Dendrimer-tesaglitazar conjugate induces a phenotype shift of microglia and enhances β-amyloid phagocytosis

Switching microglia from a disease exacerbating, 'pro-inflammatory' state into a neuroprotective, 'anti-inflammatory' phenotype is a promising strategy for addressing multiple neurodegenerative diseases. Pro-inflammatory microglia contribute to disease progression by releasing neurotoxic substances and accelerating pathogenic protein accumulation. PPAR alpha and PPAR gamma agonists have both been shown to shift microglia from a pro-inflammatory ('M1-like') to an alternatively activated ('M2-like') phenotype.
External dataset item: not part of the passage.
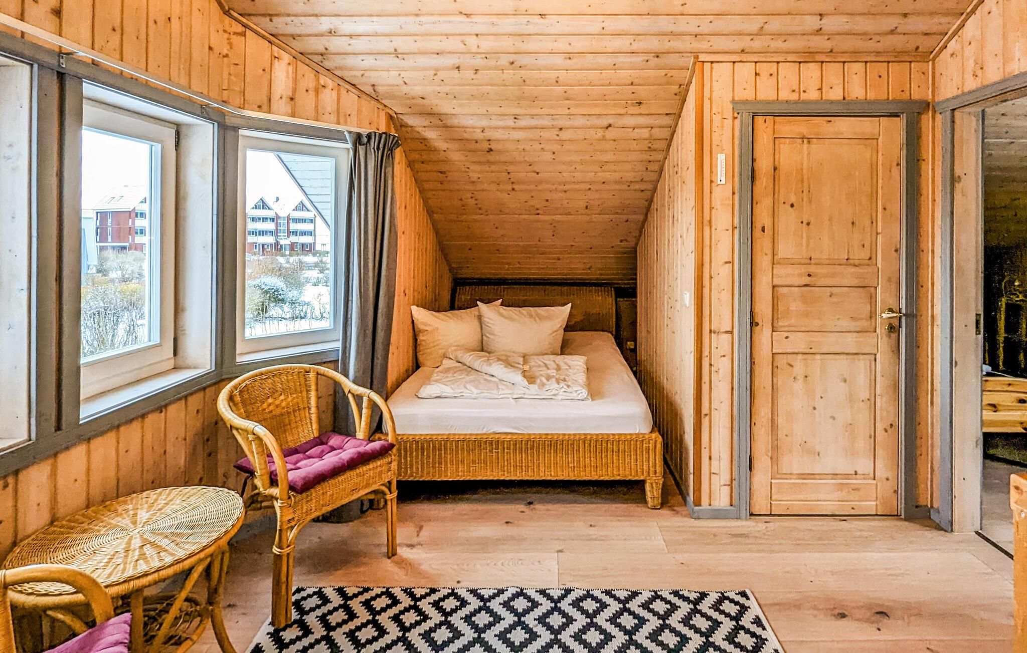 "Wildgans" er et hyggeligt træhus, hvis indretning emmer af komfort over to etager. I stueetagen finder I et lille, personlige wellnessområde med sauna og spabad. I sommermånederne kan I slikke solen på den delvist overdækkede terrasse.

Such strategies have been explored in clinical trials for neurological diseases, such as Alzheimer's and Parkinson's disease, but have likely failed due to their poor blood-brain barrier (BBB) penetration. Hydroxyl-terminated polyamidoamine dendrimers (without the attachment of any targeting ligands) have been shown to cross the impaired BBB at the site of neuroinflammation and accumulate in activated microglia. Therefore, dendrimer conjugation of a PPAR alpha/gamma dual agonist may enable targeted phenotype switching of activated microglia. Here we present the synthesis and characterization of a novel dendrimer-PPAR alpha/gamma dual agonist conjugate (D-tesaglitazar). In vitro, D-tesaglitazar induces an 'M1 to M2' phenotype shift, decreases secretion of reactive oxygen species, increases expression of genes for phagocytosis and enzymatic degradation of pathogenic proteins (e.g. beta-amyloid, alpha-synuclein), and increases beta-amyloid phagocytosis. These results support further development of D-tesaglitazar towards translation for multiple neurodegenerative diseases, especially Alzheimer's and Parkinson's Disease.

Automated summary

Switching microglia from a pro-inflammatory to an anti-inflammatory phenotype could be a promising strategy for treating neurodegenerative diseases. Using PPAR alpha/gamma agonists may help achieve this switch, but overcoming the challenges of the blood-brain barrier is essential for successful treatment outcomes.